# Sims Makin Magic install prob! HELP!



## Angelkat512 (Jul 1, 2003)

Ok here is my situation...I am installing Makin Magic and it is just sitting at 95% and it is not loading anything from the second disk...HELP ASAP!!! I am doing it right now and I don't know what to do it is just sitting there. How do I get it to finish installing without having to unistall everything and try to reinstall them all???? This happened with my Superstars, I had to unistall everything and then reinstall it. I tried to install it again after removing and deleting everything ( including the registry) but it just says do you want to uninstall Superstar. So I just skipped Superstar and went to Makin Magic, but now it is doing the same thing Superstar did when I initially started the install. (Getting stuck at 95% ) Like I said I am in the process of the install and I haven't shut the window of the install it is still at 95%. HELP!!!


----------



## HomicidalFilly (May 1, 2001)

hi there, ive just had the same prob, but had to find help elsewhere...here is how i got it sorted..
you need to uninstall and run the sim eraser to get rid of all your bits. then clean your system out. 
left click on start, then settings, then control panel.
now select system, then device manager. 
left click the plus symbol next to the cd rom drive your using to install from.
right click on the cd rom and select properties. 
select the settings tab and make sure DMA is unticked. 
exit that box.

then double click my computer.
open the drive your windows folder is located in, the default is c. 
locate your TEMP directory and delete the contents.
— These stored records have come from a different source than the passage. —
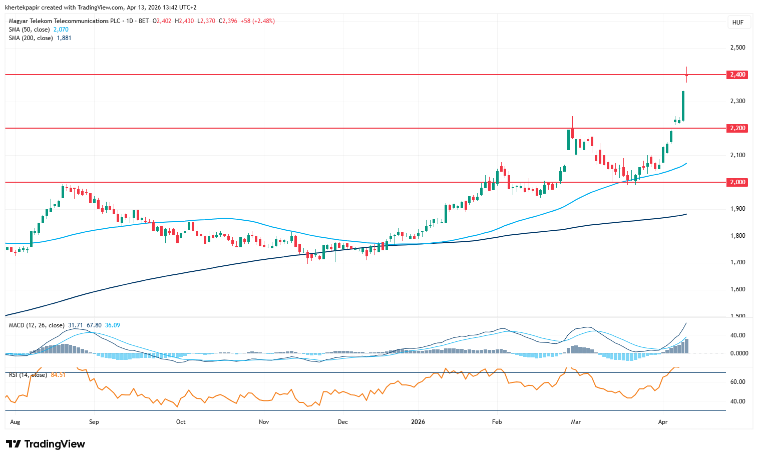 Zsinórban negyedik hete mutat markáns erősödést a Magyar Telekom részvénye, így 2400 forintos szintek fölé emelkedett immár a papír, jelentősen eltávolodva a korábbi ellenállási szintektől. A 2200 forintos zóna áttörését követően tudott újabb lendületet venni a részvény, így a jövőben ez, illetve az 50 napos mozgóátlag képezhetne védelmet egy gyengébb hangulat közepette. A gyors és nagyobb mértékű emelkedés hatására egyébként az indikátorok grafikonjain is már túlvettség jelei kezdtek el kirajzolódni, így a 80 feletti RSI mutató némi óvatosságra intheti a befektetőket is.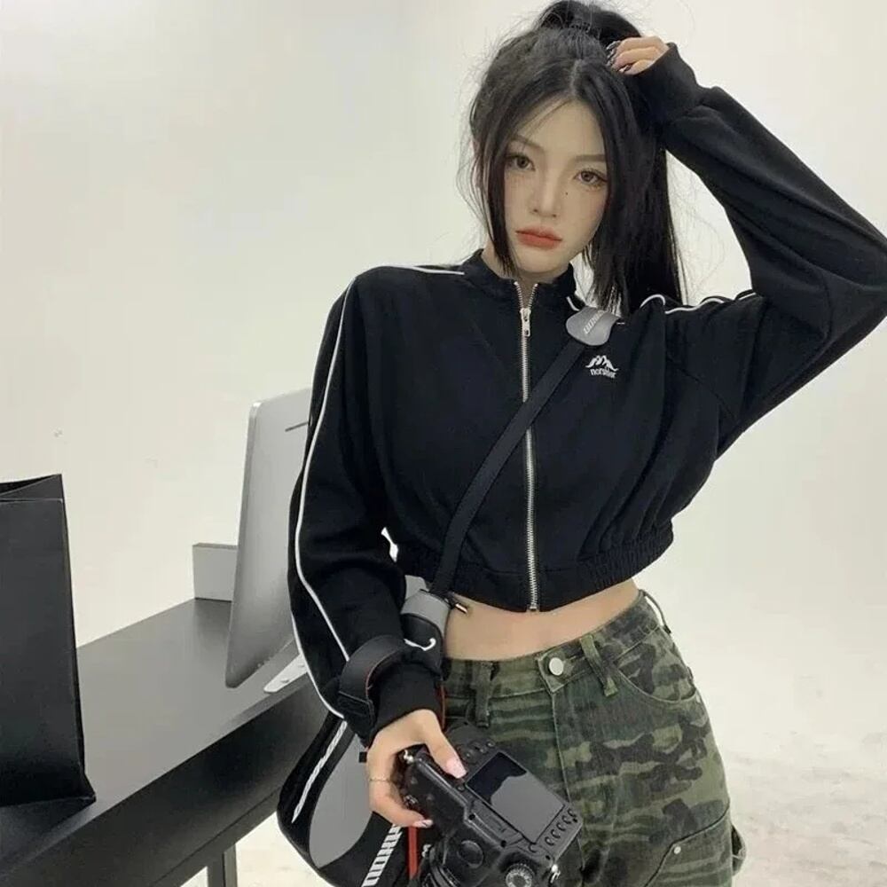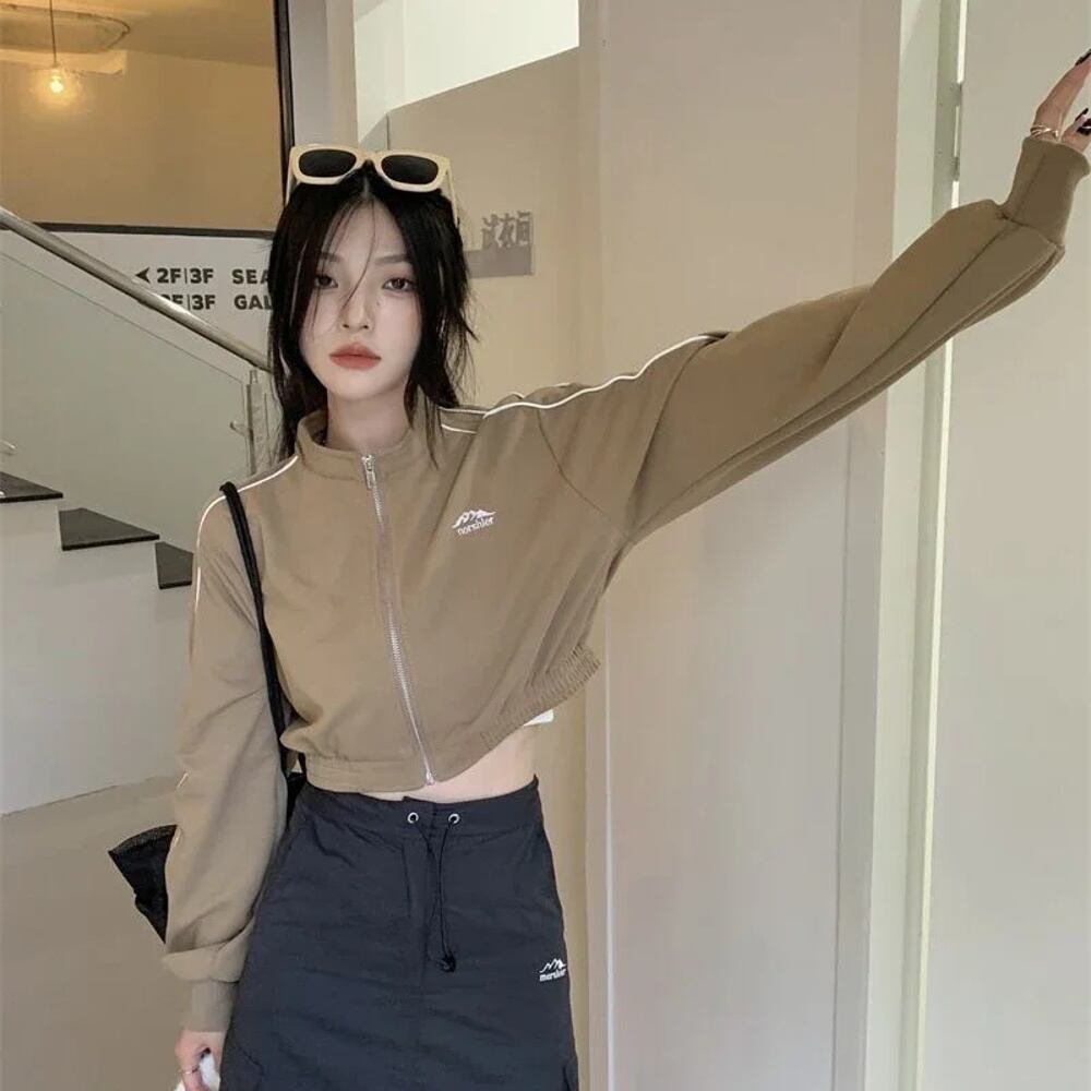 女性のヴィンテージクロップドジップアップスウェットシャツ,長袖のゆったりとしたカジュアルなアウター,韓国のファッション,女性のストリートウェア,春,秋,y2k パーカー ジャージ y2k T240908200806_01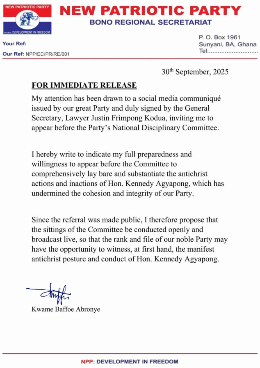 In a statement dated 30th September 2025, Abronye confirmed he is fully prepared to face the Committee and lay bare what he described as the “antichrist actions and inactions” of Assin Central MP, Hon. Kennedy Agyapong. According to him, such conduct has undermined the cohesion and integrity of the ruling party.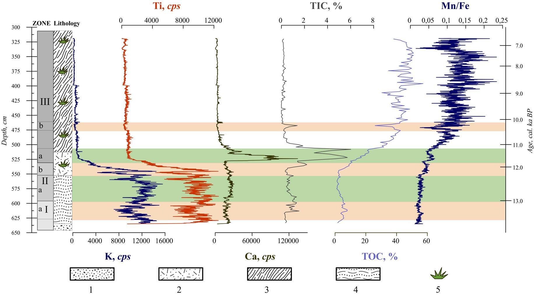 Fig. Lithology and vertical distribution of K, Ti, Ca, ratio Mn/Fe, TOC and TIC in Lake Khotavets sediments. Intensity of x-ray reflection is given in counts per second (cps). Age axis is built according to the age-depth modeling in ‘rbacon’. 1 –layered sandy silt, 2 – silt with organic matter, 3 – organic muds, 4 – rhythmically layered silt with organic matter, 5 – plant fossils
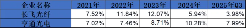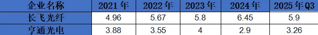 长飞光纤:2021 - 2024年呈现上升趋势,从4.96增长到6.45,说明这几年公司持续加大研发投入占比,可能致力于开发新技术、新产品,拓展市场份额或提升产品竞争力。然而,2025年第三季度数据降至5.9,虽然仍高于此前多数年份,但这一回落或许暗示公司在研发投入策略上有所调整,可能是阶段性研发目标达成后的策略性收缩,或是受到市场环境、公司财务状况等因素影响。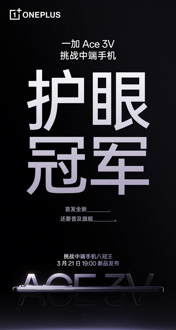 3月20日消息,一加李杰宣布,一加即將推出的Ace 3V旨在挑戰中端手機市場的護眼冠軍地位。

DONT DELETE ANYTHING ELSE.

left click start and goto run
type in MSCONFIG then hit the return button.
when it loads up place a dot in selective startup.
click the tab at the top labelled START UP
running down the left hand side, there are white boxes with black ticks, untick every boxapart from the one saying SYSTRAY.
once completed click apply and then click close. (these can be re-ticked once the game is up and running)
restart comp when prompted then start the game...
hope it works..worked for me.


----------



## HomicidalFilly (May 1, 2001)

oops meant to say restart comp not game, then install all you got in correct order )


----------



## HomicidalFilly (May 1, 2001)

after i did this the game installed great, i had probs playing it though...if you dont mind deleting your saves then it might save you uninstalling and reinstalling them all a second time like i had to..
if you wanna delete them now, then right click on start button, choose explore then press c:/program files/maxis/thesims/userdata folder - delete this folder to reset the family. repeat for all userdata folders you have. i had 8. might save you time later on..
good luck


----------



## cheng_rubin (Jul 4, 2008)

hello....im new...and i also have a problem installing makin magic!!!

here's my prob:

at the start up srceen,when i click install the computer jamed!!after a while,there is a pop-up srceen that says:_The application failed to intialize properly(0xc0000006).Click on OK to terminate the application._

Can someone pls help me??????!!!!!!


----------